Ormai mi considerano sotto la loro ala, devono scendere a Bologna ma sono preoccupati per il mio viaggio solitario fino a Lecce. Lei mi saluta con calore, lui vuole il mio numero, io gli do il mio contatto di Facebook. Mi fido di lui, mi fido davvero, ma è pur sempre uno sconosciuto incontrato sul treno. Vuole che mi stenda lungo i sedili, mi copre alla bell’e meglio, chiude le porte scorrevoli e le tendine perché nessuno possa spiarmi. Rischia di perdere la fermata, gli faccio presente. Devo farmi sentire, mi dice senza smettere di sorridere.
E poi va via mandandomi un bacino, e io ho dimenticato il maniaco, i controllori e i ritardi e tutti i miei problemi da viziata, e sono pronta ad affrontare la nottata tragicomica che mi si para davanti con una prospettiva totalmente diversa.

Antropologia

Antropologia

Più che Lettere avrei dovuto studiare Antropologia, con questa mia mania di studiare il comportamento della gente che incontro. Mi piace la gente, mi affascina.
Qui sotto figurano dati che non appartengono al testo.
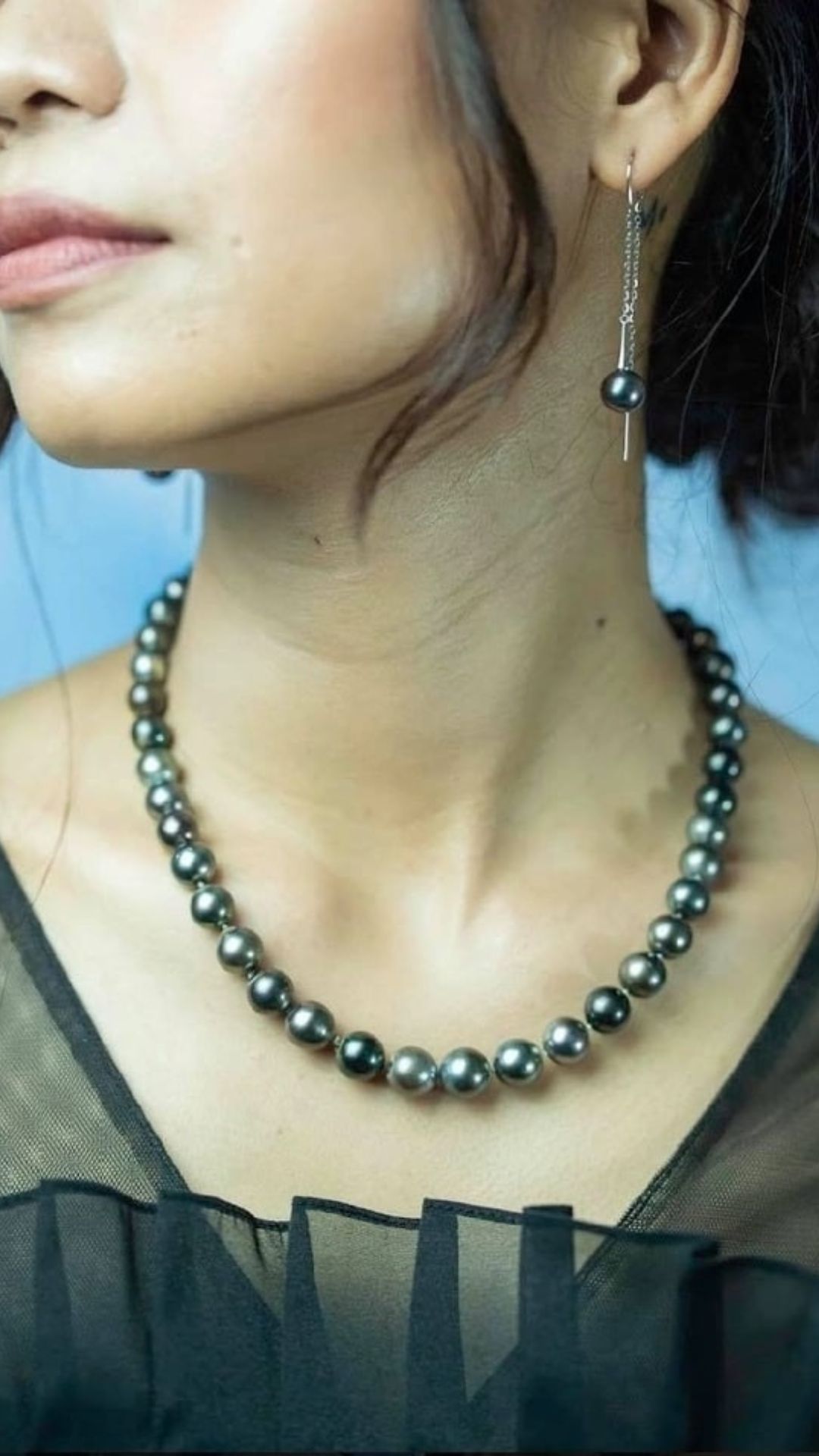 Vòng Cổ Và Bông Tai Ngọc Trai Đen Tahiti

Finché non la conosco troppo la amo, davvero, amo anche quelli che manderei a fare in culo al primo sguardo, perché sono estremamente interessanti da osservare e molto spesso anche divertenti. Facciamo un riepilogo di chi ho incontrato fino ad ora.

Dunque, il primo incontro interessante di oggi sono state tre ragazzine che pensavo fossero come minimo mie coetanee, e invece da alcuni stralci di discorsi ho capito che avevano diciassette o al massimo, ad essere generosi, diciott’anni. Delle gambe da gazzelle, la figaggine stampata in faccia, prendevano un treno per Milano, sicuramente per andare a fare shopping. Ora, il motivo principe per cui le ho notate è ovviamente la mia invidia galoppante per quelle benedette gambe lunghe come un’autostrada e magre come delle bacchette da sushi. Roba che anche se dovessi perdere cinquanta chili e arrivare ad avere gambe così magre sicuramente data la mia bassezza sembrerebbero tozze in ogni caso. Mi si sono piazzate accanto e hanno acceso, in sincro, una sigaretta ciascuna. Che già lì, appena le ho viste fare questo gesto in automatico, ho capito che lo facevano più per fare le donne di mondo che per reale voglia.

Poi hanno iniziato a parlare: tre voci da oche sgraziate e tre cervelli che probabilmente, sommati, non ne facevano uno da macaco. Dico solo che hanno parlato per dieci minuti buoni dello shatush e di come apparivano le loro “amiche” con le punte schiarite, ovviamente sottolineando che loro avrebbero avuto più buongusto e avrebbero scelto meglio.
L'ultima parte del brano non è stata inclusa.